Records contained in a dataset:
------------------------------------------------
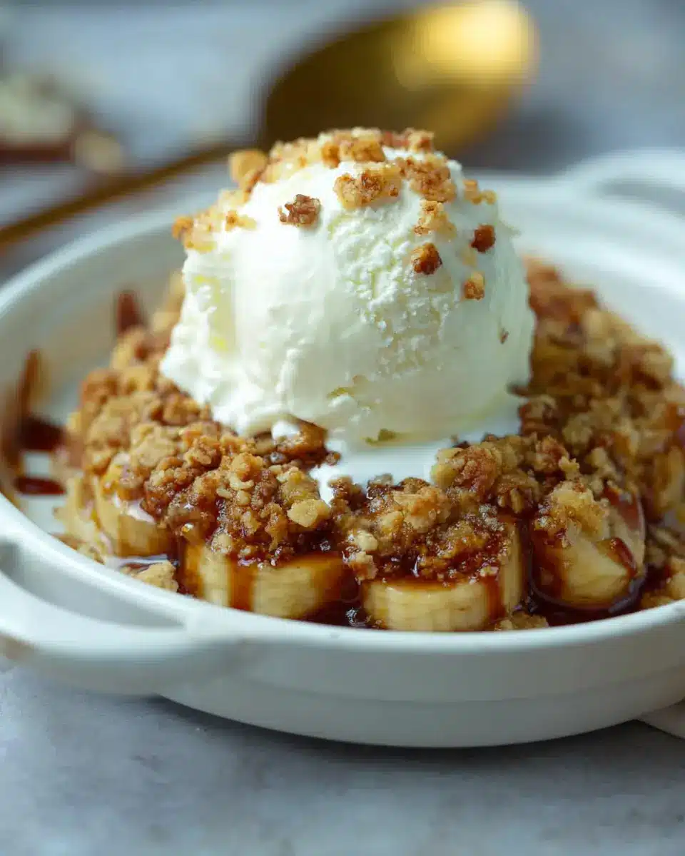 Elevate your banana crumble experience by serving it with a generous scoop of vanilla ice cream or a dollop of creamy Greek yogurt. The warm, soft bananas and crunchy pecan topping contrast beautifully with the cold, creamy addition. If you’re looking to up the indulgence factor, try drizzling some caramel or chocolate sauce over the top. This not only enhances the flavor but also brings a touch of decadence to your dessert.
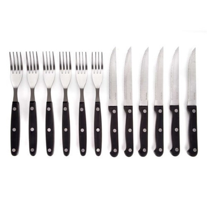 BANQUET 12-dílný steakový set BBQ Blistr 453283BK1212dílný steakový set BBQ, sada steakových příborů s černou plastovou rukojetí, sada obsahuje : 6x nůž-síla materiálu 1,2mm, 6x vidlička se čtyřmi hroty-síla materiálu 1,7mm, rukojeť tloušťky 1,4cm, nerez 18/0.
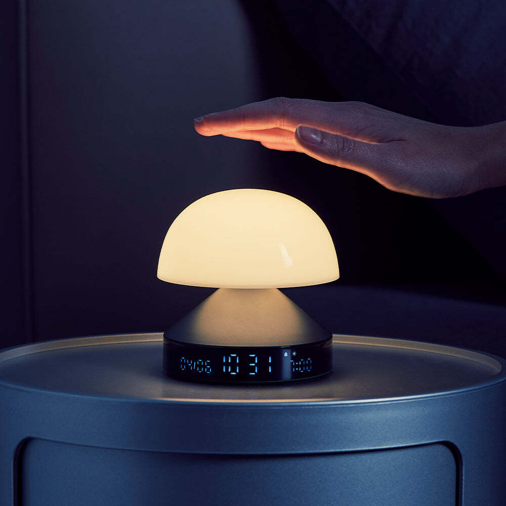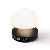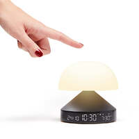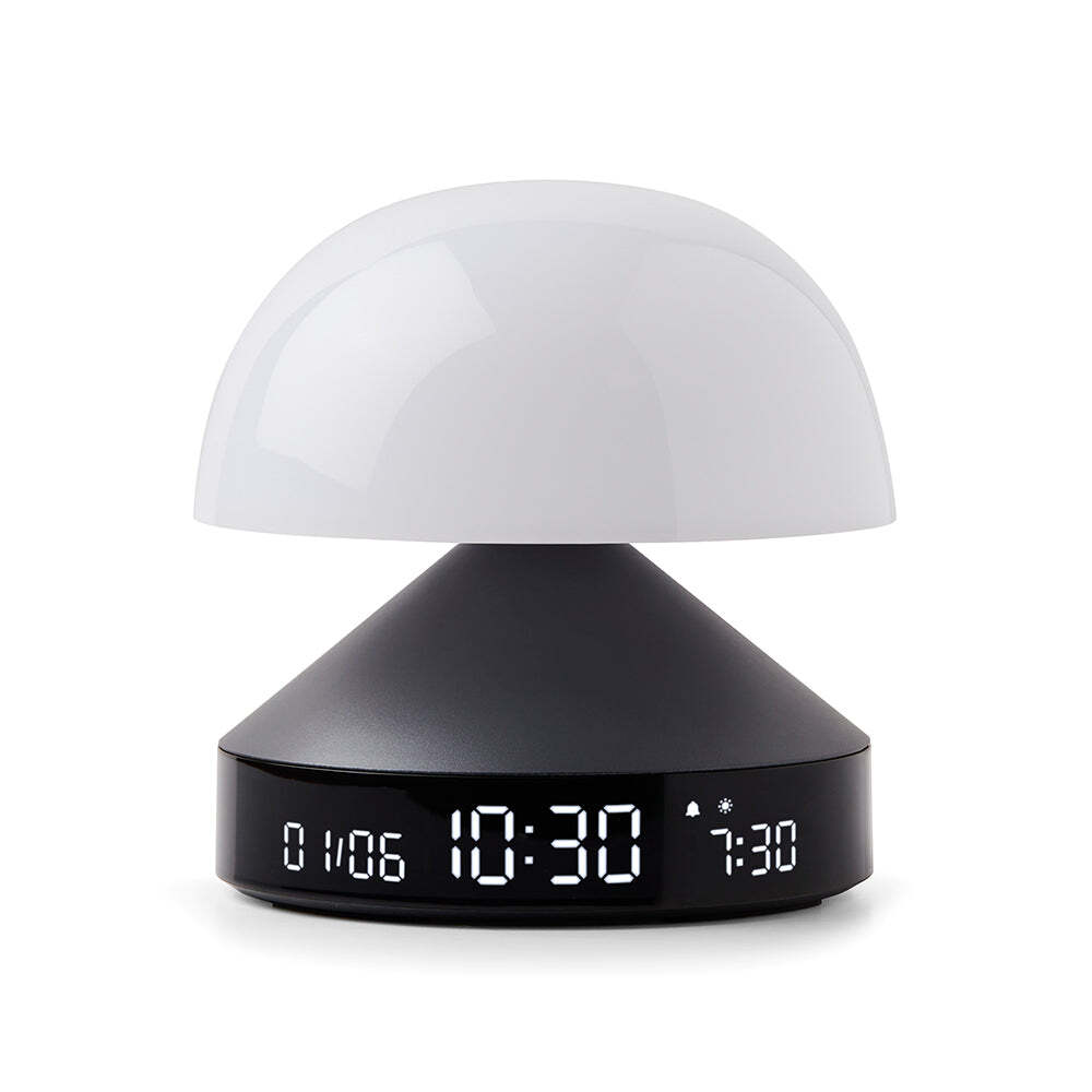 Lexon Mina Sunrise Sunrise Alarm Clock - Gunmetal - Mina Sunrise is a 3-in-1 lamp with sunrise and sunset effects, alarm clock and multicolored lighting. Wake-up gently thanks to the progressive daylight simulator combined with natural sounds at the desired time. Use the sunset function to fall asleep peacefully. 30 minutes before the set wake-up time, dark blue tones gradually change into warm white to block melatonin and assist you to get up naturally, in a good mood and feeling rested. At night, when sunset mode is on, Mina Sunrise switches from orange to red light to help trigger sleep. With its compact shape, aluminum base and high-quality display, Mina Sunrise has been designed to complement your nightstand and to be easy to interact with. Pressing the top of the lamp will turn the light on/off, choose among the 9 LED color, adjust brightness, or stop the ongoing alarm.
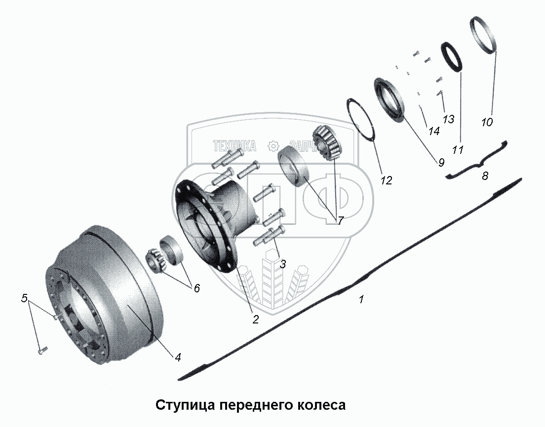 Каталог запасных частей к технике: МАЗ-533731. Ступица переднего колеса
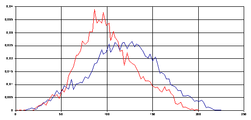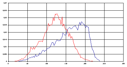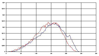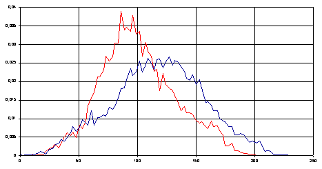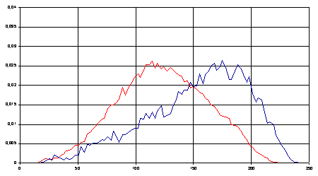 Figure 3. “FM” mode: the histograms of human body Frequency Distribution before (red diagram) and after (blue diagram) 5 minutes exposure to the mobile phone in talk mode without any neutralizer.
------------------------------------------------
◆ TASK OBJECTIVE: Word for word, restate the lines from the one containing "BANQUET 12-dílný steakový" through the end of the entries. Do not include pictures.

◆ SOLUTION FOR THIS PROBLEM:
 BANQUET 12-dílný steakový set BBQ Blistr 453283BK1212dílný steakový set BBQ, sada steakových příborů s černou plastovou rukojetí, sada obsahuje : 6x nůž-síla materiálu 1,2mm, 6x vidlička se čtyřmi hroty-síla materiálu 1,7mm, rukojeť tloušťky 1,4cm, nerez 18/0.
 Lexon Mina Sunrise Sunrise Alarm Clock - Gunmetal - Mina Sunrise is a 3-in-1 lamp with sunrise and sunset effects, alarm clock and multicolored lighting. Wake-up gently thanks to the progressive daylight simulator combined with natural sounds at the desired time. Use the sunset function to fall asleep peacefully. 30 minutes before the set wake-up time, dark blue tones gradually change into warm white to block melatonin and assist you to get up naturally, in a good mood and feeling rested. At night, when sunset mode is on, Mina Sunrise switches from orange to red light to help trigger sleep. With its compact shape, aluminum base and high-quality display, Mina Sunrise has been designed to complement your nightstand and to be easy to interact with. Pressing the top of the lamp will turn the light on/off, choose among the 9 LED color, adjust brightness, or stop the ongoing alarm.
 Каталог запасных частей к технике: МАЗ-533731. Ступица переднего колеса
 Figure 3. “FM” mode: the histograms of human body Frequency Distribution before (red diagram) and after (blue diagram) 5 minutes exposure to the mobile phone in talk mode without any neutralizer.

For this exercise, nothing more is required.